• _Exercise_
Please produce an exact copy of only the lines from the one with "[서울=뉴스핌] 황준선 기자" through the last one of the material, without pictures.

• _Provided material_
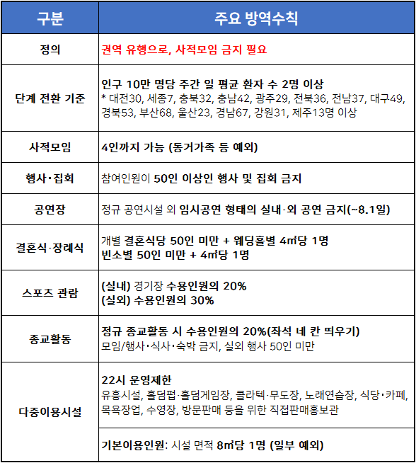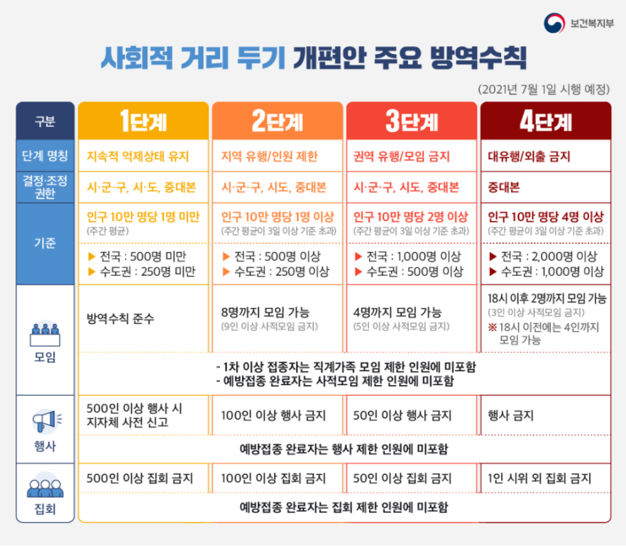 참고 : 사회적 거리두기 개편안 주요 방역수칙은 다음과 같습니다. (출처: 보건복지부 블로그)
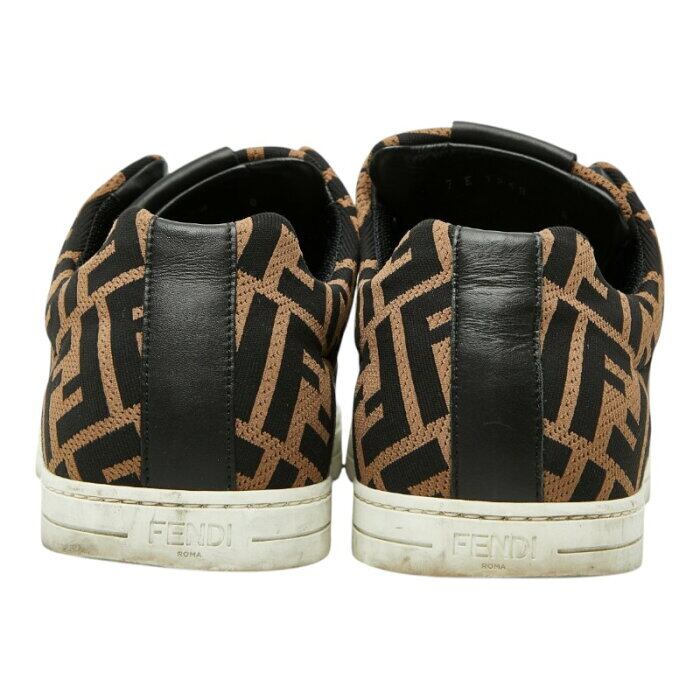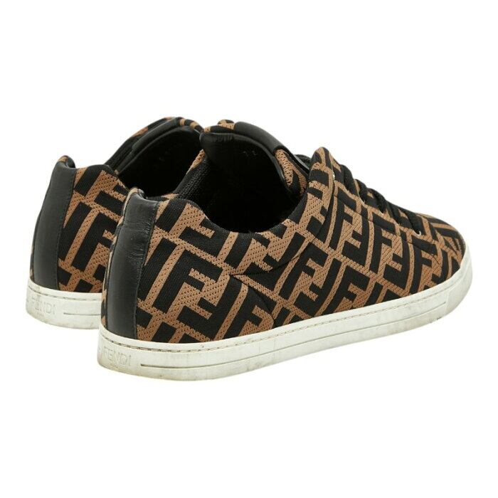 フェンディ ズッカ - スニーカー サイズ8 7E1258 ブラウン ブラック キャンバス レザー メンズ FENDI 【中古】
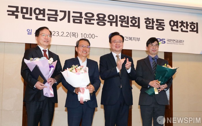 [서울=뉴스핌] 황준선 기자 = 조규홍 보건복지부 장관이 2일 오전 서울 중구 웨스틴조선호텔에서 열린 국민연금기금운용위원회 합동 연찬회에서 국민연금기금위원회 상근전문위원들에게 표창을 수여한 뒤 기념촬영을 하고 있다. 2023.02.02 hwang@newspim.com
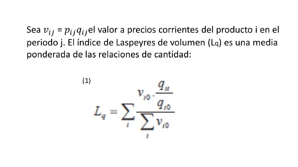 Consideremos ahora una serie cronológica de índices de volumen de Laspeyres, a saber: (6)

• _Response box_
 [서울=뉴스핌] 황준선 기자 = 조규홍 보건복지부 장관이 2일 오전 서울 중구 웨스틴조선호텔에서 열린 국민연금기금운용위원회 합동 연찬회에서 국민연금기금위원회 상근전문위원들에게 표창을 수여한 뒤 기념촬영을 하고 있다. 2023.02.02 hwang@newspim.com
 Consideremos ahora una serie cronológica de índices de volumen de Laspeyres, a saber: (6)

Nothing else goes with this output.